Records shown:
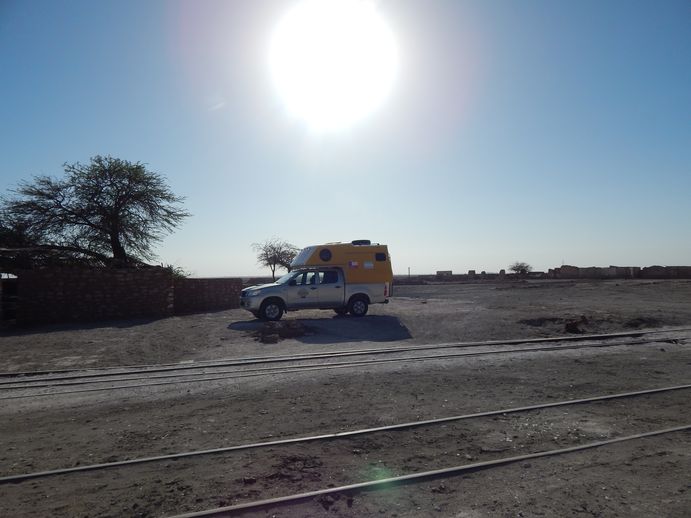 Wir haben gut geschlafen und freuen uns immer noch über den schönen Übernachtungsplatz, den wir gefunden haben. Nach einem reichhaltigen Frühstück aus Spiegeleiern und Brot brechen wir auf zunächst Richtung Norden um dann nach Osten in die Berge abzubiegen. Ziel ist der Nationalpark Pampa del Tamarugal, dort soll es die größte Ansammlung von Geoglyphen zu bestaunen geben. Wir nehmen den Abzweig in Patillos nach Osten. Zunächst über Asphalt, dann über ziemlich schlechte Schotterpiste erreichen wir den Nationalpark, der sich dadurch auszeichnet, dass hier Bäume wachsen sollen....nunja, hin und wieder sieht man tatsächlich eine trockenes, ziemlich armselig aussehendes Bäumchen in ansonsten ziemlich öder wüster Pläne....wir finden die Piste zu den Geoglyphen, welche an einem alten verlassenen Geisterbahnhof vorbeiführt. Der wiederum sieht aus wie in einem alten Westernfilm.
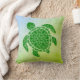 Silhueta de tartaruga verde com ilustração no estilo mandala em branco. Fundo de cor azul e verde da água
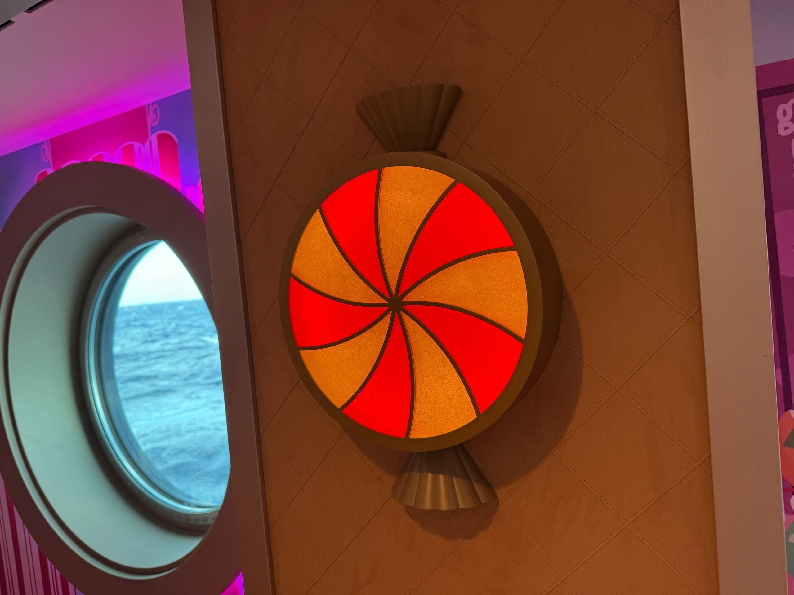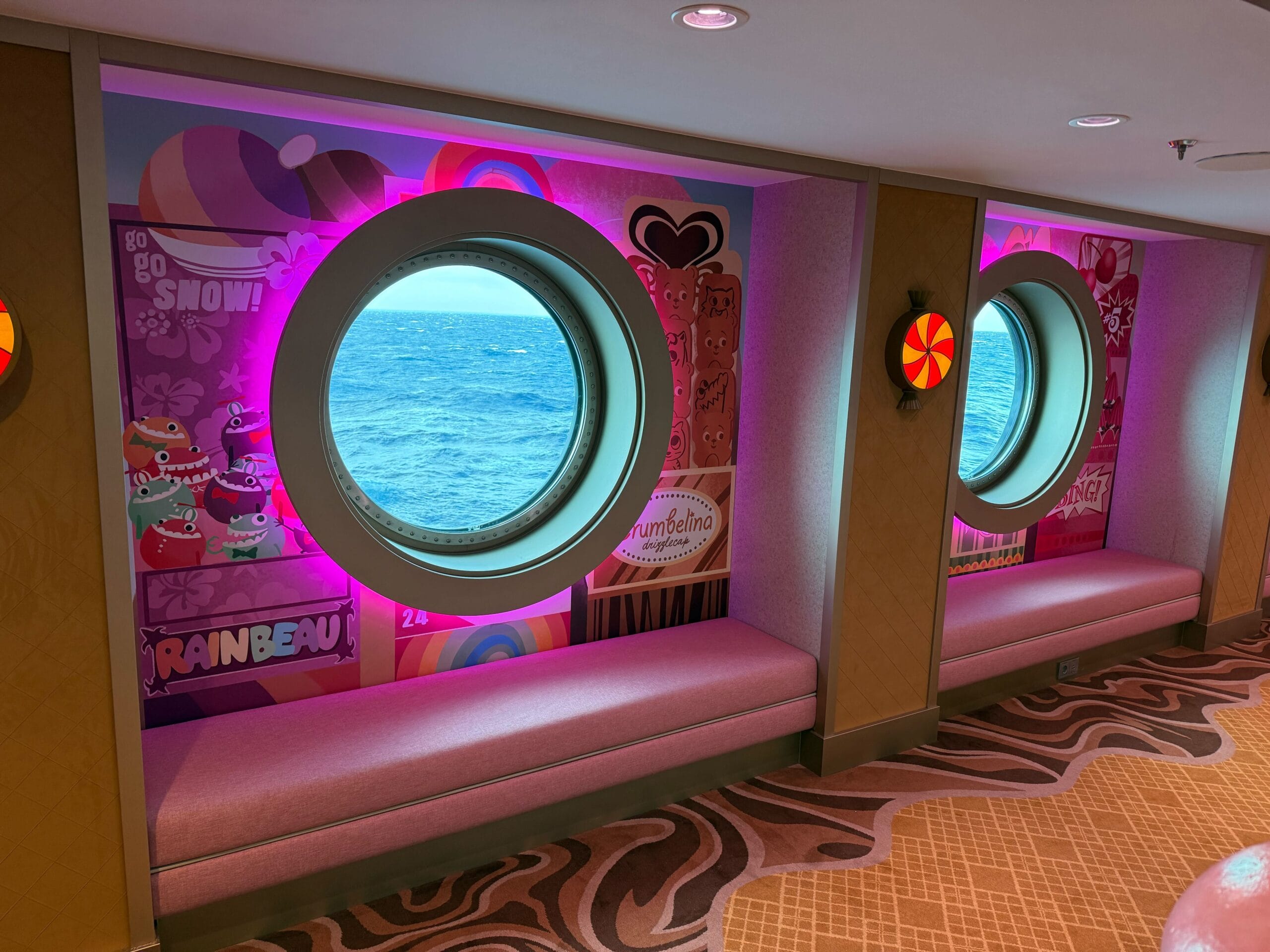 The murals and decorations outside Disney’s Oceaneer Club are inspired by Wreck-It Ralph. Built in benches sit inside little themed alcoves, which also include portholes. Lights on the wall look like peppermint-swirled candies.
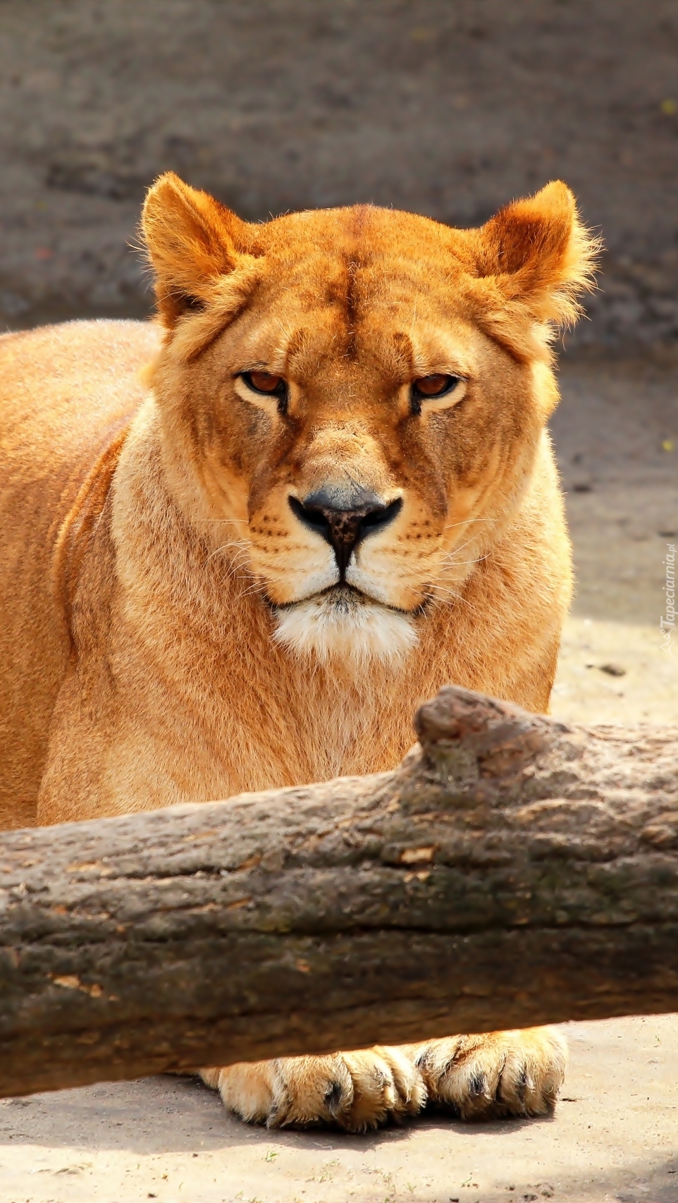 Edytor tapety: Lwica leży przy konarze
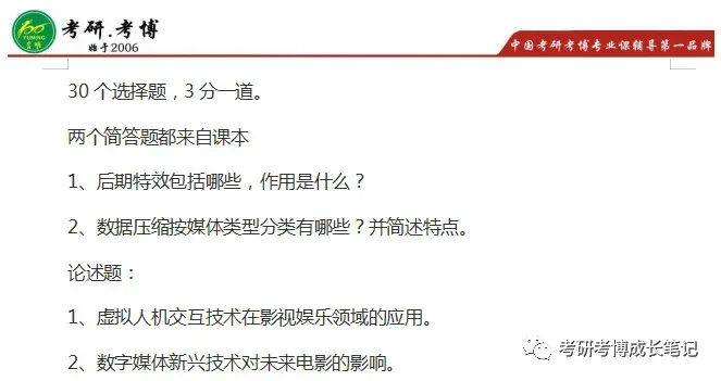 一、专业课分为影视基础和数字媒体两部分,关于影视基础这一门,考的大多是电影中的常识,因为我是本校生的缘故,这些东西大多在本科期间都有教授,而且在平时接活儿的过程中也有耳濡目染,我之前在剧组中做过摄影也做过美术部门和后期部门,考试中的很多东西在实践中都有接触,所以没有太下力气复习。
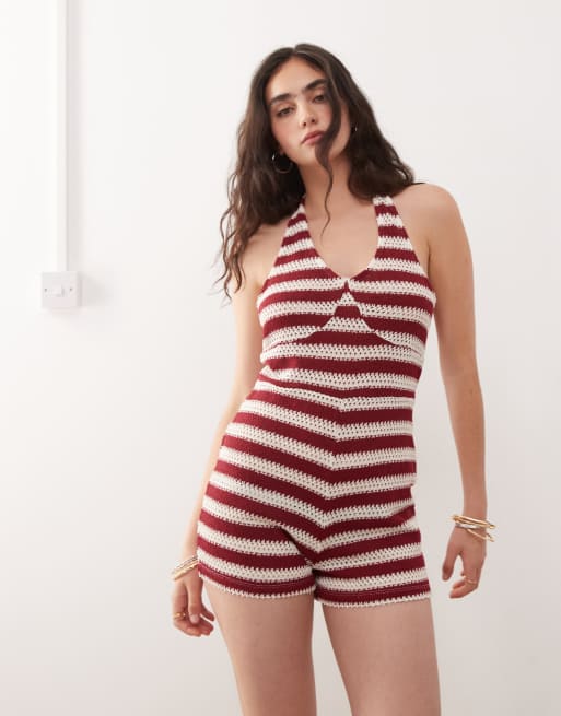 COLLUSION - Gestreepte playsuit met halternek in rood
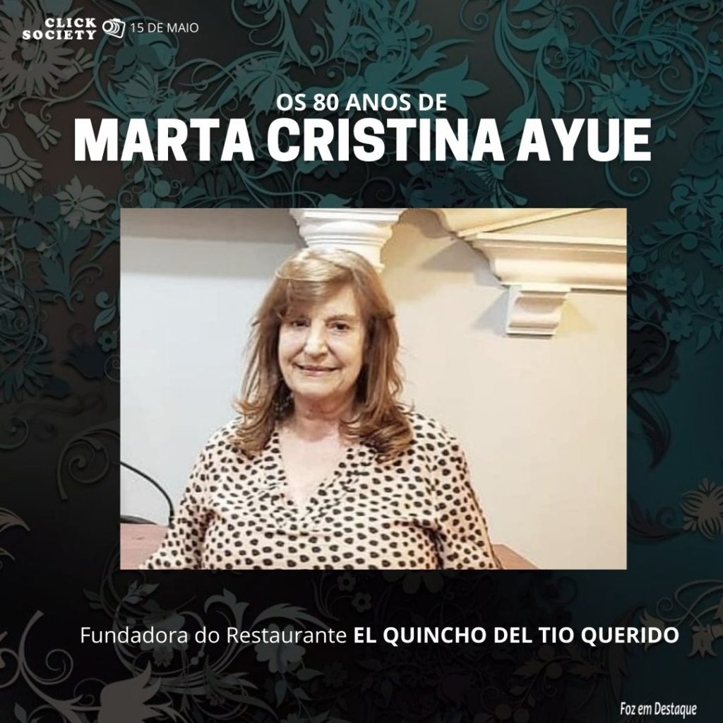 Também a história de Senhora MARTA CRISTINA AYUE mostra a força do empresariado trinacional, sempre disposto a tudo e confiante na nossa região trinacional, e junto com a comemoração de seus 80 anos,  trabalhando e cuidando dos negócios no restaurante, comemoramos também os 40 anos de trabalho pelo progresso de nossa região.

Work item: All that should be printed is the run of lines above from the one with "一、专业课分为影视基础和数字" through the one with "COLLUSION - Gestreepte", both included, exactly as given, with pictures left out.

Result:
 一、专业课分为影视基础和数字媒体两部分,关于影视基础这一门,考的大多是电影中的常识,因为我是本校生的缘故,这些东西大多在本科期间都有教授,而且在平时接活儿的过程中也有耳濡目染,我之前在剧组中做过摄影也做过美术部门和后期部门,考试中的很多东西在实践中都有接触,所以没有太下力气复习。
 COLLUSION - Gestreepte playsuit met halternek in rood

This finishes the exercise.